Given information:
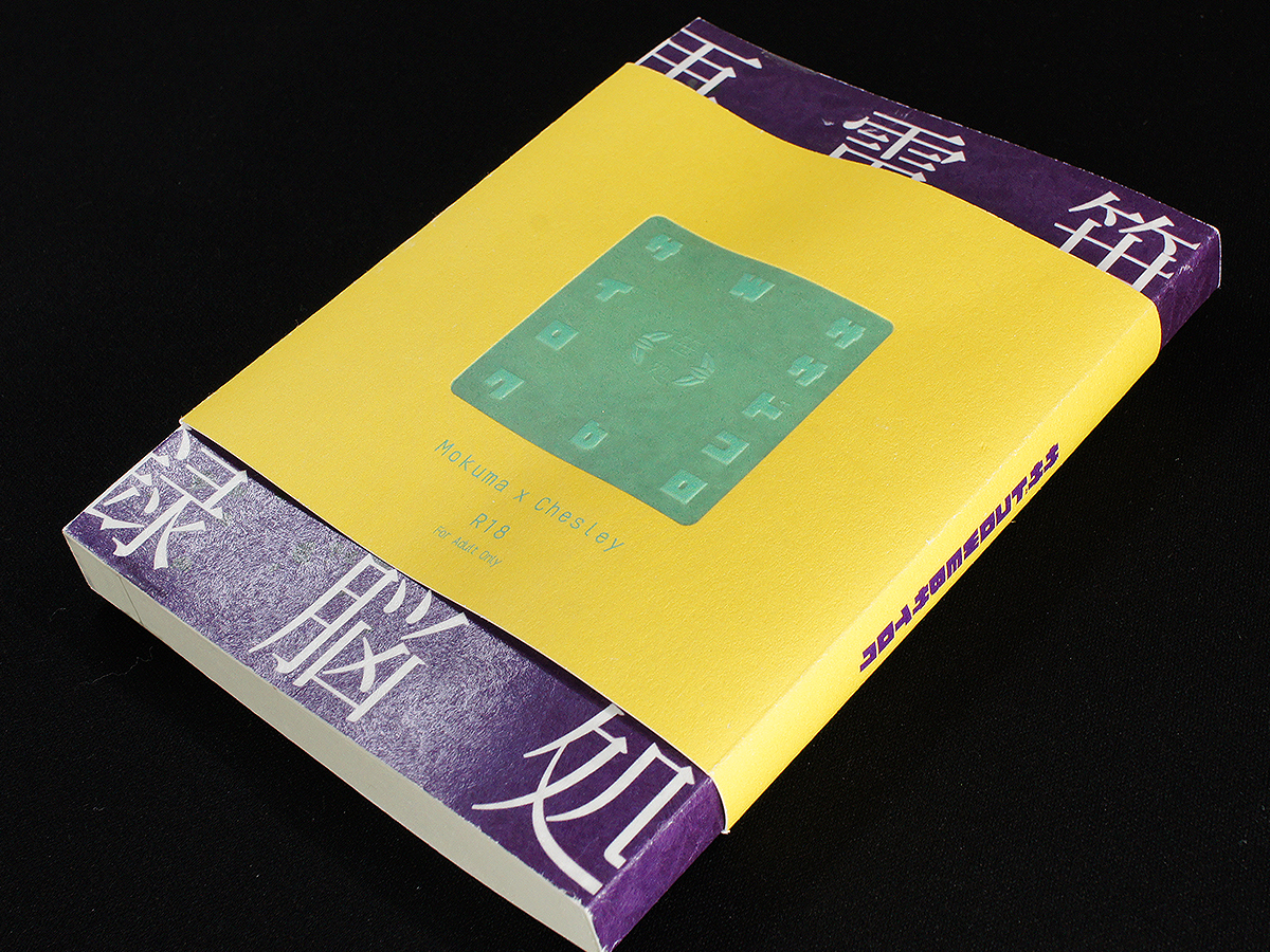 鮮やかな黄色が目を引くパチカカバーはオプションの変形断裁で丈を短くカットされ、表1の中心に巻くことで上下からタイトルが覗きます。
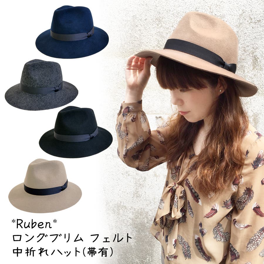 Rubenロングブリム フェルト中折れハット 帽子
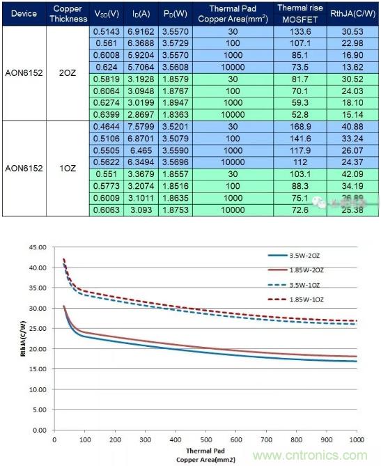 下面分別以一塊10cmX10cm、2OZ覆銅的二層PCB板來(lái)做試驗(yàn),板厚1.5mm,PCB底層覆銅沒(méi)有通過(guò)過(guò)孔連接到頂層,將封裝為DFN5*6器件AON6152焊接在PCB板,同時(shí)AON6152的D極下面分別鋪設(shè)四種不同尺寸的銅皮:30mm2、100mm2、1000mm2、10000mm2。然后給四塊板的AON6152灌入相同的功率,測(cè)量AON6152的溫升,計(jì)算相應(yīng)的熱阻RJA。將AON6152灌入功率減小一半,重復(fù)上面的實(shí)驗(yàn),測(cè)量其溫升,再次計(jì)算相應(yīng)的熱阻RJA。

Task directions:
Please print the span that begins at the line holding "Rubenロングブリム フェルト中折れハット 帽子" and ends at the last line of the data, both ends included, with no pictures.

Response:
 Rubenロングブリム フェルト中折れハット 帽子
 下面分別以一塊10cmX10cm、2OZ覆銅的二層PCB板來(lái)做試驗(yàn),板厚1.5mm,PCB底層覆銅沒(méi)有通過(guò)過(guò)孔連接到頂層,將封裝為DFN5*6器件AON6152焊接在PCB板,同時(shí)AON6152的D極下面分別鋪設(shè)四種不同尺寸的銅皮:30mm2、100mm2、1000mm2、10000mm2。然后給四塊板的AON6152灌入相同的功率,測(cè)量AON6152的溫升,計(jì)算相應(yīng)的熱阻RJA。將AON6152灌入功率減小一半,重復(fù)上面的實(shí)驗(yàn),測(cè)量其溫升,再次計(jì)算相應(yīng)的熱阻RJA。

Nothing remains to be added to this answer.